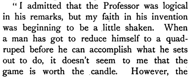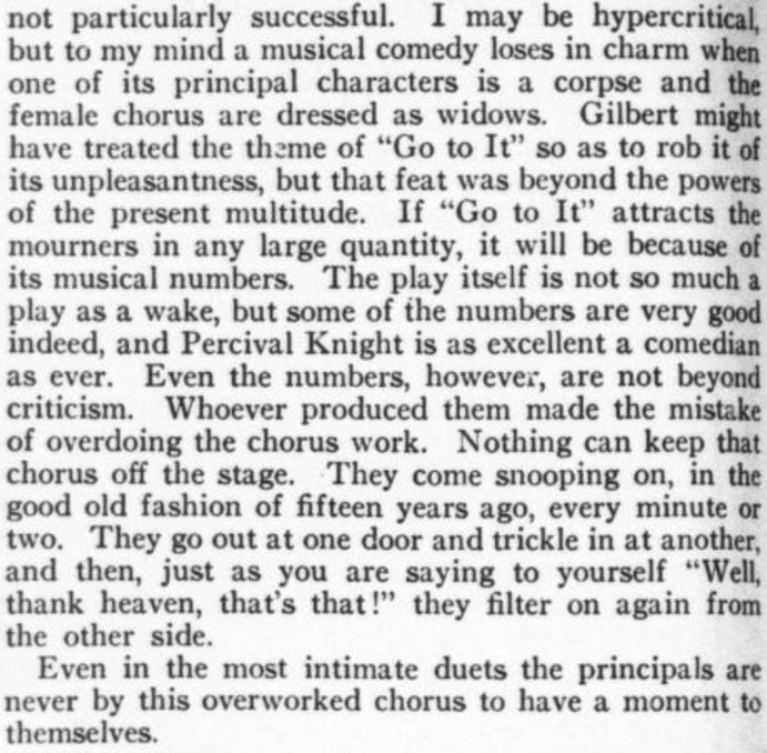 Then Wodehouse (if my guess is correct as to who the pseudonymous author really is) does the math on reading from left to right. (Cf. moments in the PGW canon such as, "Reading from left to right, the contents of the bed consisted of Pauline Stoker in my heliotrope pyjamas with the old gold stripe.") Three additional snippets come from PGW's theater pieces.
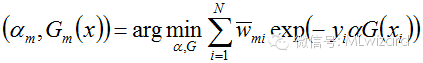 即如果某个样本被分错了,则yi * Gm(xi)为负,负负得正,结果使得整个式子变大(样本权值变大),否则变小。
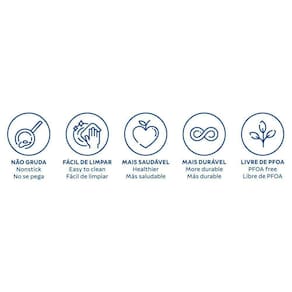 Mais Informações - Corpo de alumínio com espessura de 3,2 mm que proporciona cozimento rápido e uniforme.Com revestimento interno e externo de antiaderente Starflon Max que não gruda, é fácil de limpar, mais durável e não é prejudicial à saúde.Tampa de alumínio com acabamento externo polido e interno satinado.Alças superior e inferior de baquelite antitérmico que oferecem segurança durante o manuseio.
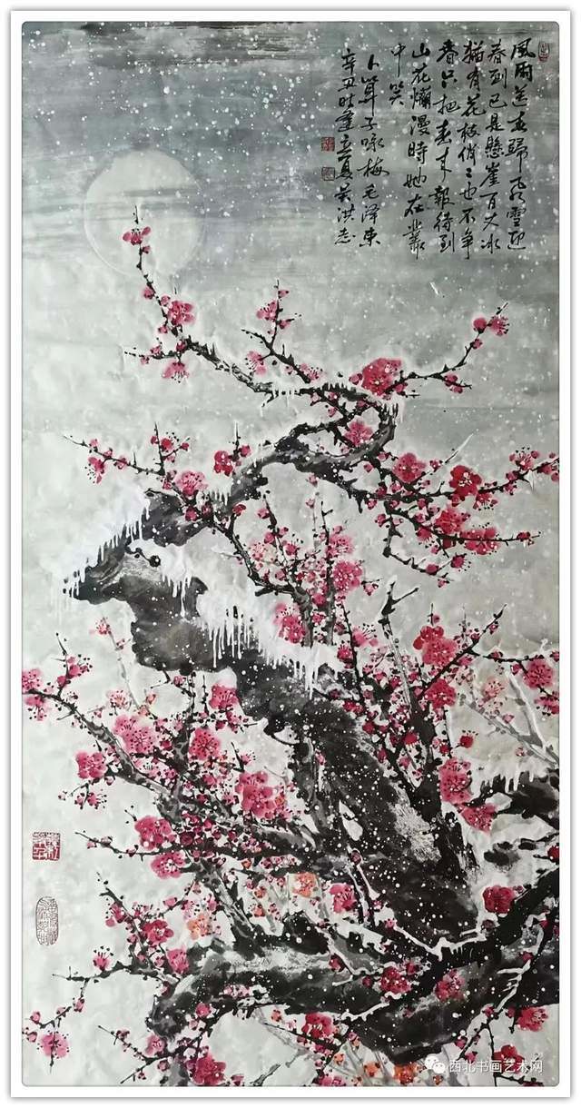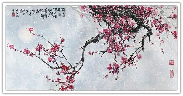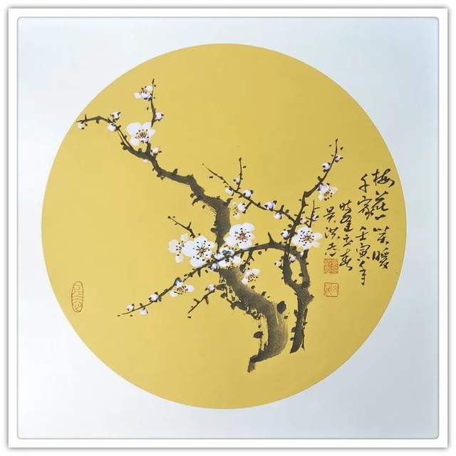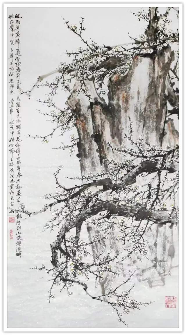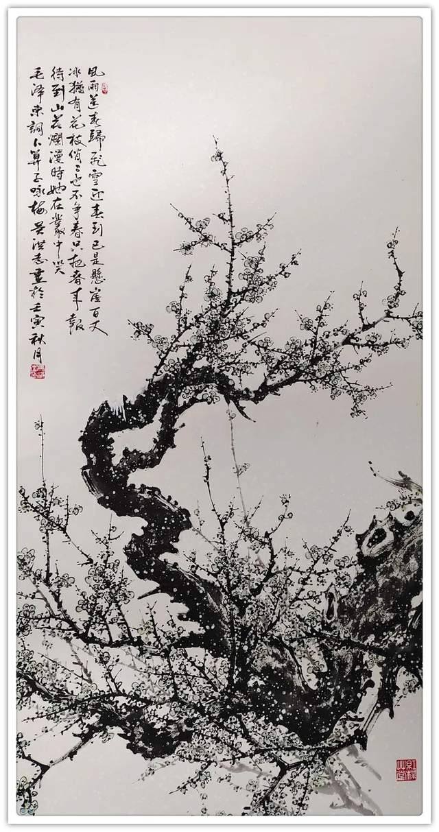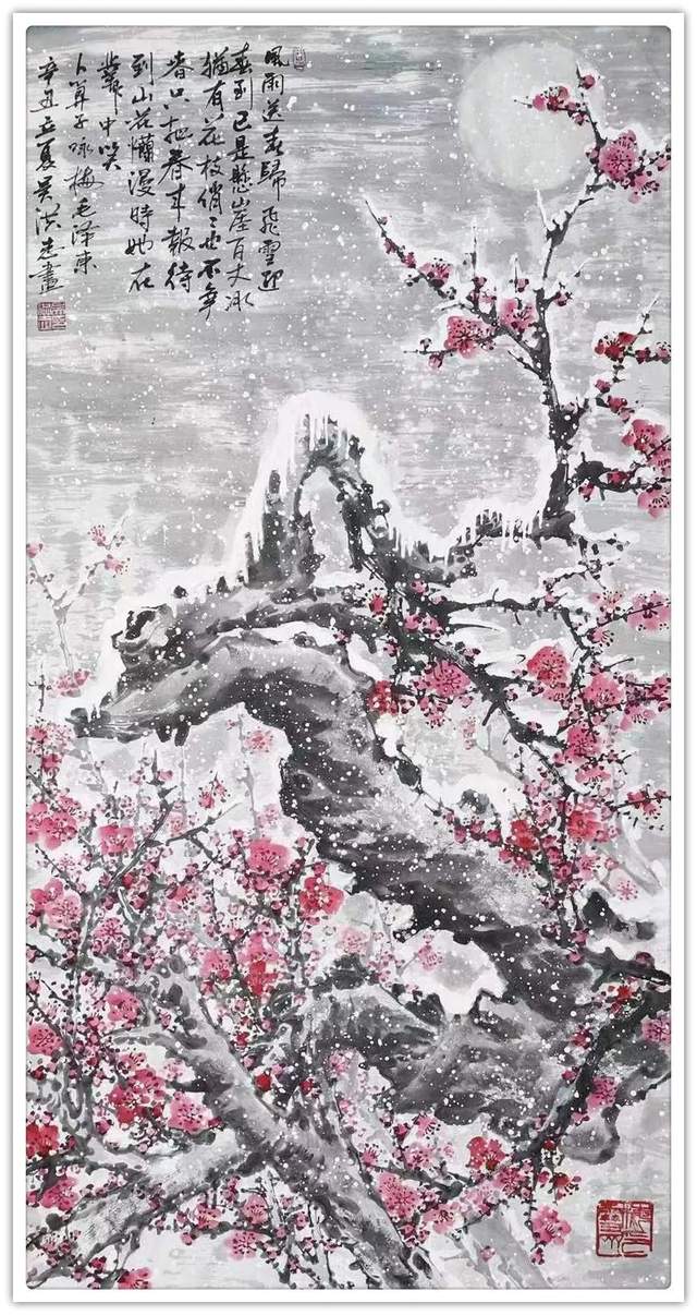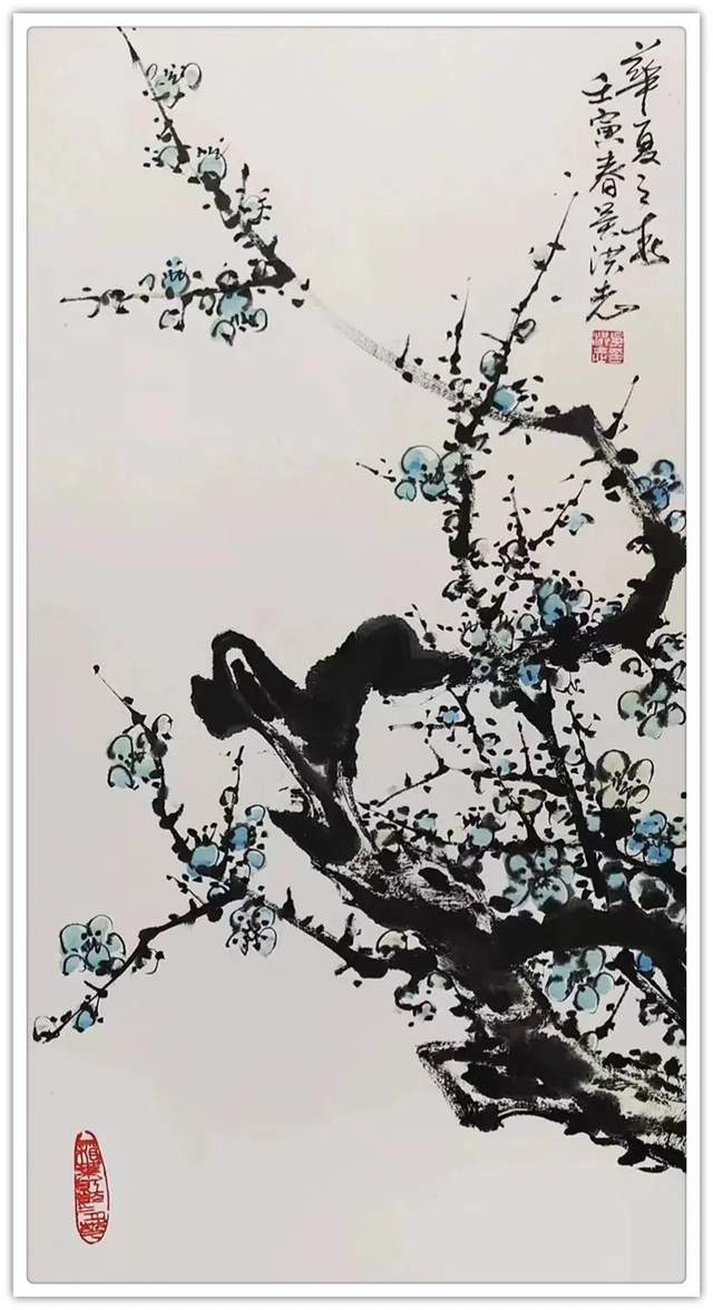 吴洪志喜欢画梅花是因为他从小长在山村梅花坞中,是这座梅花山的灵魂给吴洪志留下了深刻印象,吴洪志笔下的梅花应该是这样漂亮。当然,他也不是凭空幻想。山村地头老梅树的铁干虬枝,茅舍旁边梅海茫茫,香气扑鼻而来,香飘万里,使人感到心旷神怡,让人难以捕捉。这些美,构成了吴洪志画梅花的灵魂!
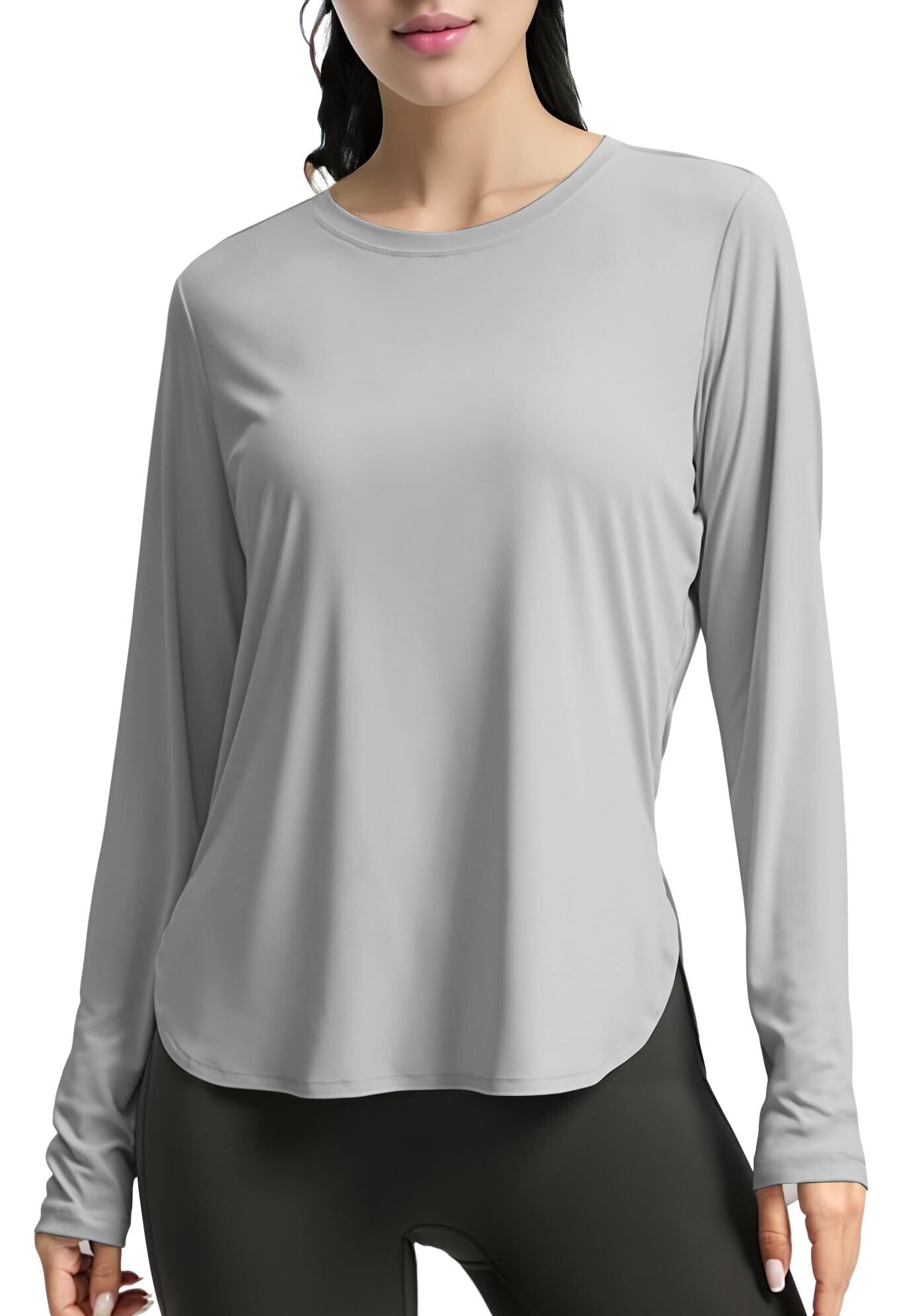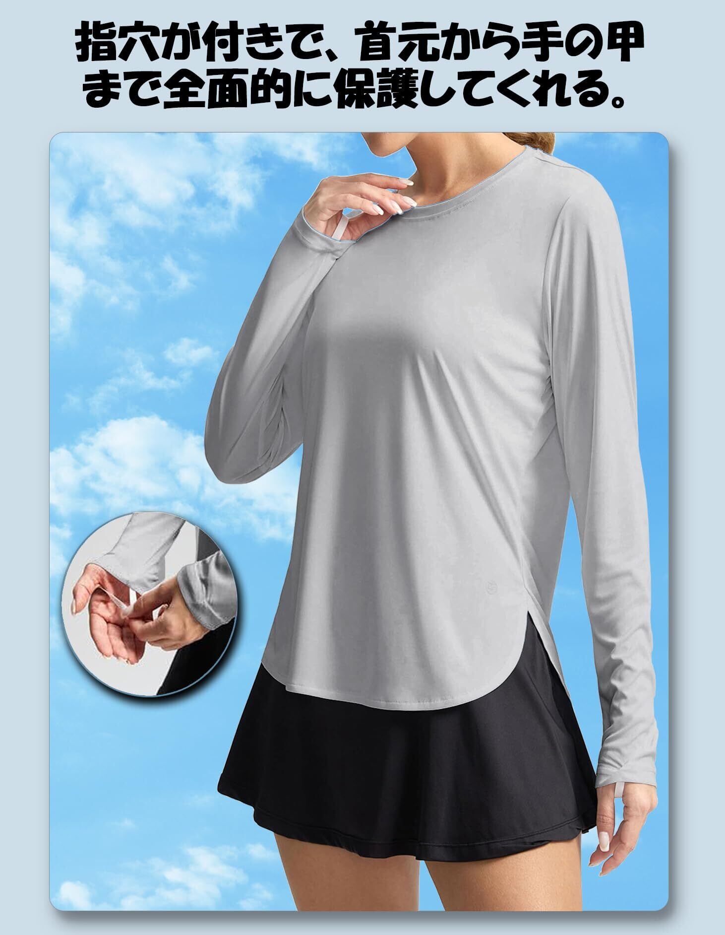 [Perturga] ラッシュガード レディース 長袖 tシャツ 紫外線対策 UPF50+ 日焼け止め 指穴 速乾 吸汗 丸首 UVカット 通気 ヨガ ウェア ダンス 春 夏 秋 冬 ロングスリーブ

+++

Verbatim copy with pictures excluded: write out the records above in full.

▶ [Answer]
 Then Wodehouse (if my guess is correct as to who the pseudonymous author really is) does the math on reading from left to right. (Cf. moments in the PGW canon such as, "Reading from left to right, the contents of the bed consisted of Pauline Stoker in my heliotrope pyjamas with the old gold stripe.") Three additional snippets come from PGW's theater pieces.
 即如果某个样本被分错了,则yi * Gm(xi)为负,负负得正,结果使得整个式子变大(样本权值变大),否则变小。
 Mais Informações - Corpo de alumínio com espessura de 3,2 mm que proporciona cozimento rápido e uniforme.Com revestimento interno e externo de antiaderente Starflon Max que não gruda, é fácil de limpar, mais durável e não é prejudicial à saúde.Tampa de alumínio com acabamento externo polido e interno satinado.Alças superior e inferior de baquelite antitérmico que oferecem segurança durante o manuseio.
 吴洪志喜欢画梅花是因为他从小长在山村梅花坞中,是这座梅花山的灵魂给吴洪志留下了深刻印象,吴洪志笔下的梅花应该是这样漂亮。当然,他也不是凭空幻想。山村地头老梅树的铁干虬枝,茅舍旁边梅海茫茫,香气扑鼻而来,香飘万里,使人感到心旷神怡,让人难以捕捉。这些美,构成了吴洪志画梅花的灵魂!
 [Perturga] ラッシュガード レディース 長袖 tシャツ 紫外線対策 UPF50+ 日焼け止め 指穴 速乾 吸汗 丸首 UVカット 通気 ヨガ ウェア ダンス 春 夏 秋 冬 ロングスリーブ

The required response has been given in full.